* [BRIEF] The records below are to be transcribed exactly, with the pictures removed.

* [Data extracted from a collection]
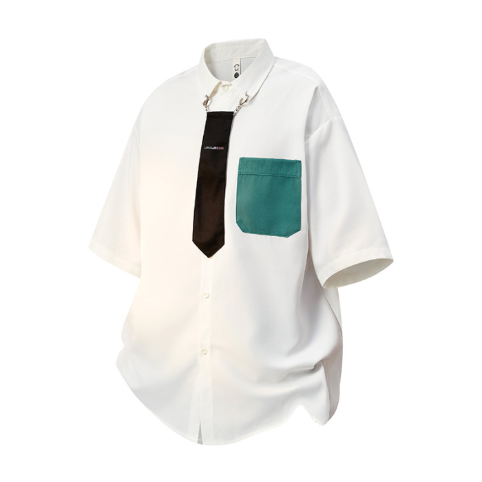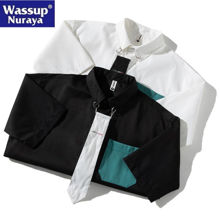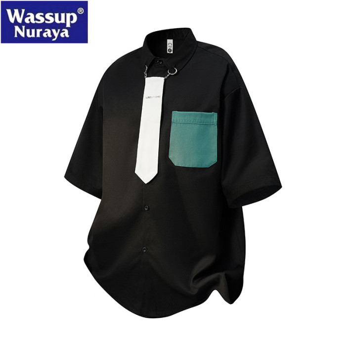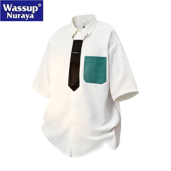 WASSUP Nuraya潮牌日系痞帥領帶襯衫男生短袖襯衣夏季學院風上衣
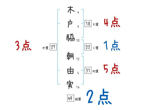 外運![]() | 木戸脇朝由実さんの外運は27画の3つ星!頭脳明晰だが強情で摩擦が多い傾向。孤立に注意。 生活面を象徴する運勢です。外部から受ける影響力を表し、結婚運、家庭運や職場、環境への順応性を表します。 |
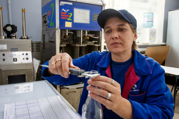 В отремонтированной и заново оборудованной лаборатории ОТК контролер Ольга Шиманова на наших глазах проверяет качество продукции. Говорит, разница огромная по сравнению с тем, что было до прихода нынешнего руководства. Зарплату выплачивают два раза в месяц:
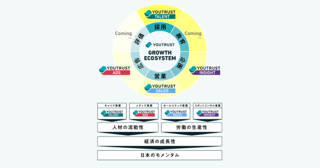 日本の「人材の流動性」と「労働の生産性」向上に向けて、企業の事業成長を支える新サービスがスタート!YOUTRUSTの「Growth Ecosystem構想」、その進化は止まりません。今後の事業展開からも目が離せませんね!
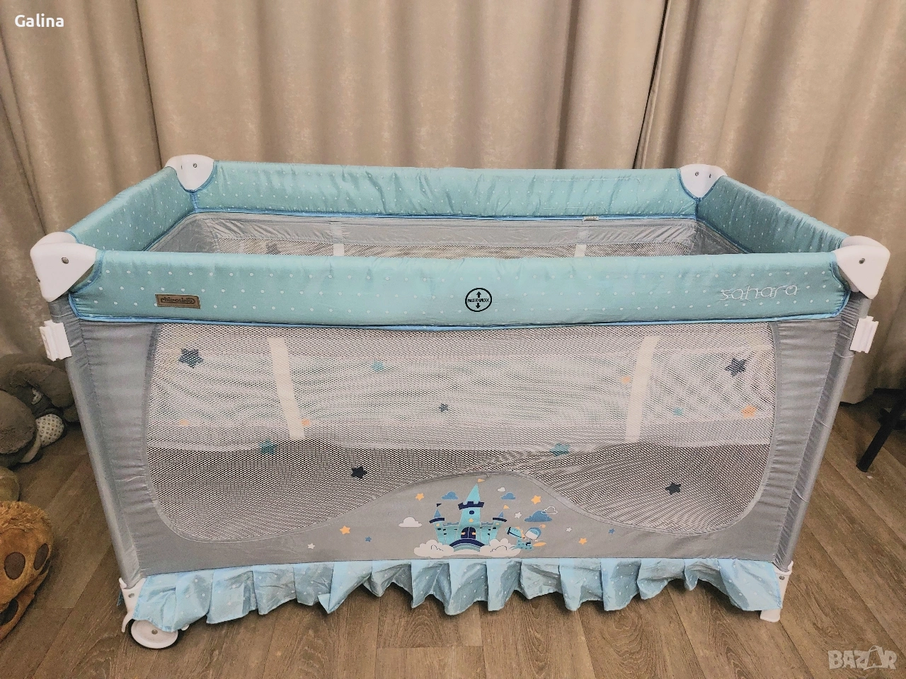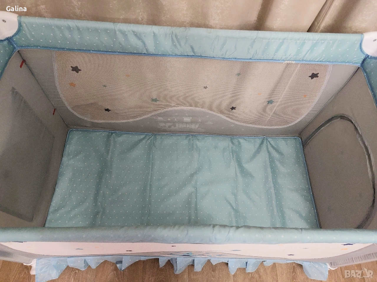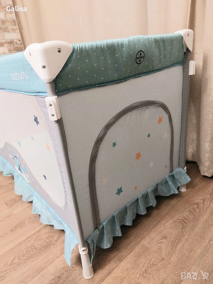 Сгъваема кошара на 2 нива, в цветове,подходящи и за двата пола. Размери 120 на 60см,без никакви забележки. От едната страна има вход със цип,от другата страничен голям джоб органайзер. Към нея давам сгъваем матрак,комарник и чанта за пренасяне. Цена за всичко 60€. За гр.Пловдив лично предаване
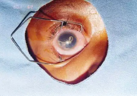Adult worms found in the eye can be surgically removed with forceps after being paralyzed with a topical anesthesia. The worm is not paralyzed completely, so if it is not extracted quickly, it can vanish upon attempting extraction.[12]
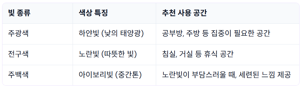 전구색(노란빛): 카페나 호텔 로비 같은 따뜻한 빛입니다. 휴식이 필요한 침실과 거실에 필수입니다.
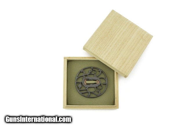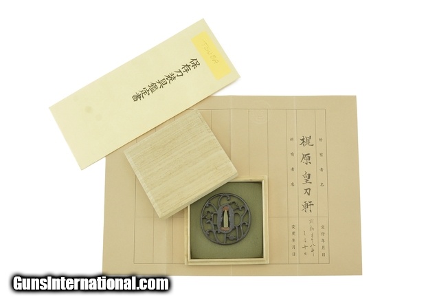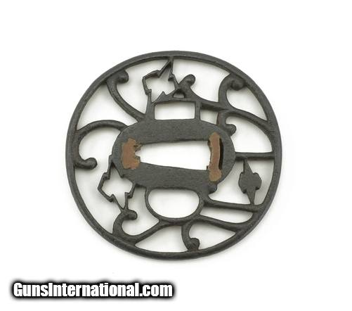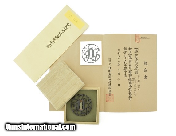 Description: "Iron Tsuba Sukashi. Unsigned. Attributed to Shoami School by the N.B.T.H.K. in 1983. SOLD |
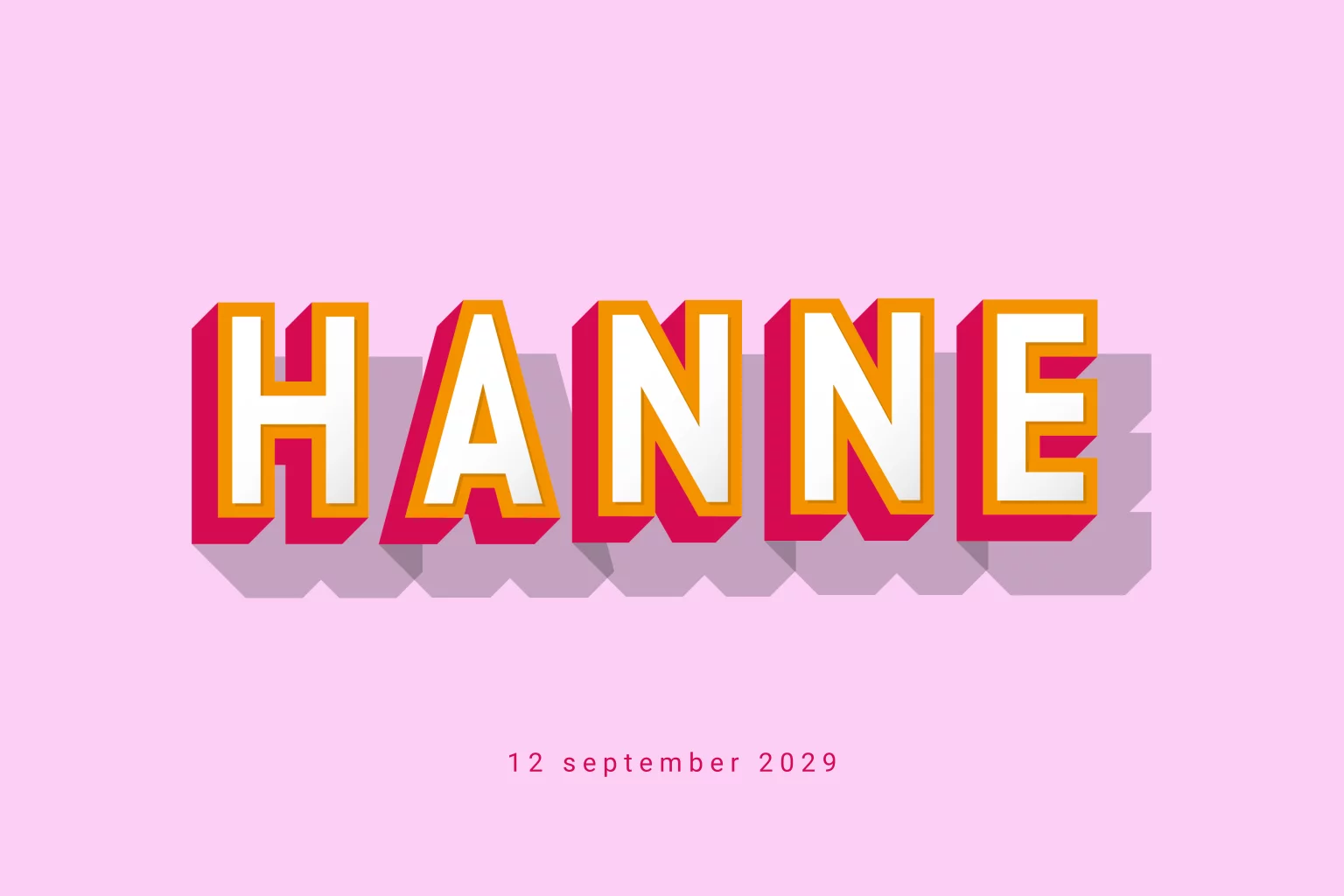 Een uniek geboortekaartje met opvallende kleuren! Op dit kaartje Hanne zie je de naam in 3D letters vormgegeven. Een basic kleurrijk kaartje met een originele uitstraling. De ronde hoeken geven een speels effect aan het kaartje.
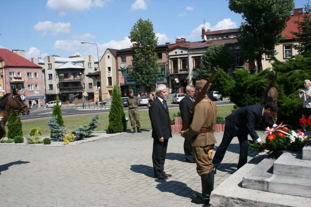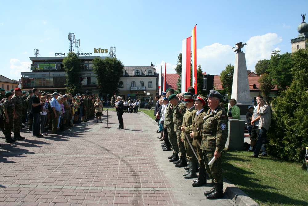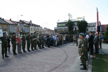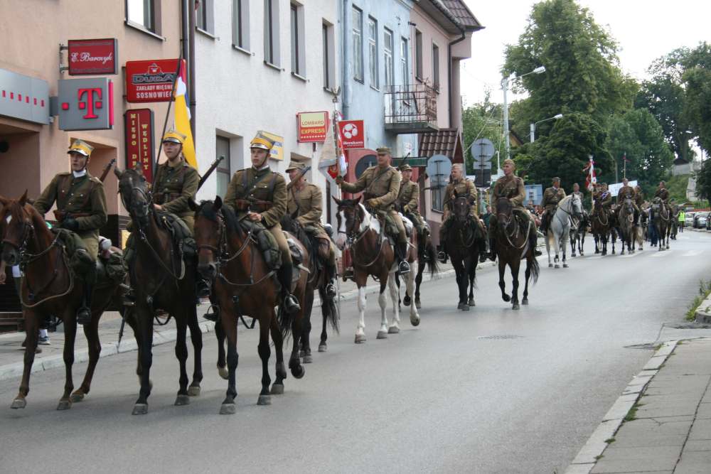 Pieszym uczestnikom, którzy przybyli z krakowskich Oleandrów towarzyszyły dwa oddziały konne reprezentujące: Krakowski Szwadron Ułanów im. J. Piłsudskiego i Świętokrzyski Szwadron Kawalerii Ochotniczej im. H. Dobrzańskiego Hubala w barwach 13 Pułku Ułanów Wileńskich. W centrum miasta zebrali się przedstawiciele samorządów miejskiego i powiatowego oraz mieszkańcy, a z głośników rozbrzmiewały legionowe melodie. Uroczystość pod obeliskiem z Orłem prowadził wieloletni komendant marszu Jan Józef Kasprzyk. Po odegraniu hymnu państwowego przez orkiestrę dętą ,,Sygnał” ze strony władz ,,kadrówkę” witali burmistrz Gminy i Miasta Miechów Dariusz Marczewski i rzecznik prasowy powiatu Ryszard Nasada. – Tutaj w Miechowie od lat czujemy waszą sympatię do kadrówki, zarówno ze strony władz jak i mieszkańców. To nas utwierdza w przekonaniu, że warto organizować kolejne marsze – słowa komendanta Kasprzyka zacytował rzecznik prasowy, czyniąc z nich kanwę okolicznościowego wystąpienia. Komendant potwierdził obopólną sympatię i nawiązał do znaczenia Miechowa na szlaku strzelców Piłsudskiego w 1914r. Treść historycznych dokumentów, w tym odezwę Komendanta Legionów odczytał z-ca komendanta ds. wychowawczych Lucjan Muszyński. Następnie pod obeliskiem złożono kwiaty. Po zakończeniu części oficjalnej uroczystości i odśpiewaniu ,,Pierwszej Brygady” uczestnicy święta przeszli do miejskiego amfiteatru, gdzie zostali podjęci tradycyjną grochówką. Nocleg z 7/8 sierpnia uczestnicy marszu spędzili w zespole pałacowym na Mirowie w Książu Wielkim (dzisiaj zlokalizowany w nim jest Zespół Szkół), w którym niemalże przed wiekiem polscy żołnierze wraz ze swym komendantem spędzili noc. – Po tym pałacowym parku spacerował Piłsudski myśląc o wolnej Polsce. I dał ją nam – przypomniał komendant Jan Józef Kasprzyk.

* [TASK SOLUTION]
 WASSUP Nuraya潮牌日系痞帥領帶襯衫男生短袖襯衣夏季學院風上衣
 外運![]() | 木戸脇朝由実さんの外運は27画の3つ星!頭脳明晰だが強情で摩擦が多い傾向。孤立に注意。 生活面を象徴する運勢です。外部から受ける影響力を表し、結婚運、家庭運や職場、環境への順応性を表します。 |
 В отремонтированной и заново оборудованной лаборатории ОТК контролер Ольга Шиманова на наших глазах проверяет качество продукции. Говорит, разница огромная по сравнению с тем, что было до прихода нынешнего руководства. Зарплату выплачивают два раза в месяц:
 日本の「人材の流動性」と「労働の生産性」向上に向けて、企業の事業成長を支える新サービスがスタート!YOUTRUSTの「Growth Ecosystem構想」、その進化は止まりません。今後の事業展開からも目が離せませんね!
 Сгъваема кошара на 2 нива, в цветове,подходящи и за двата пола. Размери 120 на 60см,без никакви забележки. От едната страна има вход със цип,от другата страничен голям джоб органайзер. Към нея давам сгъваем матрак,комарник и чанта за пренасяне. Цена за всичко 60€. За гр.Пловдив лично предаване
Adult worms found in the eye can be surgically removed with forceps after being paralyzed with a topical anesthesia. The worm is not paralyzed completely, so if it is not extracted quickly, it can vanish upon attempting extraction.[12]
 전구색(노란빛): 카페나 호텔 로비 같은 따뜻한 빛입니다. 휴식이 필요한 침실과 거실에 필수입니다.
 Description: "Iron Tsuba Sukashi. Unsigned. Attributed to Shoami School by the N.B.T.H.K. in 1983. SOLD |
 Een uniek geboortekaartje met opvallende kleuren! Op dit kaartje Hanne zie je de naam in 3D letters vormgegeven. Een basic kleurrijk kaartje met een originele uitstraling. De ronde hoeken geven een speels effect aan het kaartje.
 Pieszym uczestnikom, którzy przybyli z krakowskich Oleandrów towarzyszyły dwa oddziały konne reprezentujące: Krakowski Szwadron Ułanów im. J. Piłsudskiego i Świętokrzyski Szwadron Kawalerii Ochotniczej im. H. Dobrzańskiego Hubala w barwach 13 Pułku Ułanów Wileńskich. W centrum miasta zebrali się przedstawiciele samorządów miejskiego i powiatowego oraz mieszkańcy, a z głośników rozbrzmiewały legionowe melodie. Uroczystość pod obeliskiem z Orłem prowadził wieloletni komendant marszu Jan Józef Kasprzyk. Po odegraniu hymnu państwowego przez orkiestrę dętą ,,Sygnał” ze strony władz ,,kadrówkę” witali burmistrz Gminy i Miasta Miechów Dariusz Marczewski i rzecznik prasowy powiatu Ryszard Nasada. – Tutaj w Miechowie od lat czujemy waszą sympatię do kadrówki, zarówno ze strony władz jak i mieszkańców. To nas utwierdza w przekonaniu, że warto organizować kolejne marsze – słowa komendanta Kasprzyka zacytował rzecznik prasowy, czyniąc z nich kanwę okolicznościowego wystąpienia. Komendant potwierdził obopólną sympatię i nawiązał do znaczenia Miechowa na szlaku strzelców Piłsudskiego w 1914r. Treść historycznych dokumentów, w tym odezwę Komendanta Legionów odczytał z-ca komendanta ds. wychowawczych Lucjan Muszyński. Następnie pod obeliskiem złożono kwiaty. Po zakończeniu części oficjalnej uroczystości i odśpiewaniu ,,Pierwszej Brygady” uczestnicy święta przeszli do miejskiego amfiteatru, gdzie zostali podjęci tradycyjną grochówką. Nocleg z 7/8 sierpnia uczestnicy marszu spędzili w zespole pałacowym na Mirowie w Książu Wielkim (dzisiaj zlokalizowany w nim jest Zespół Szkół), w którym niemalże przed wiekiem polscy żołnierze wraz ze swym komendantem spędzili noc. – Po tym pałacowym parku spacerował Piłsudski myśląc o wolnej Polsce. I dał ją nam – przypomniał komendant Jan Józef Kasprzyk.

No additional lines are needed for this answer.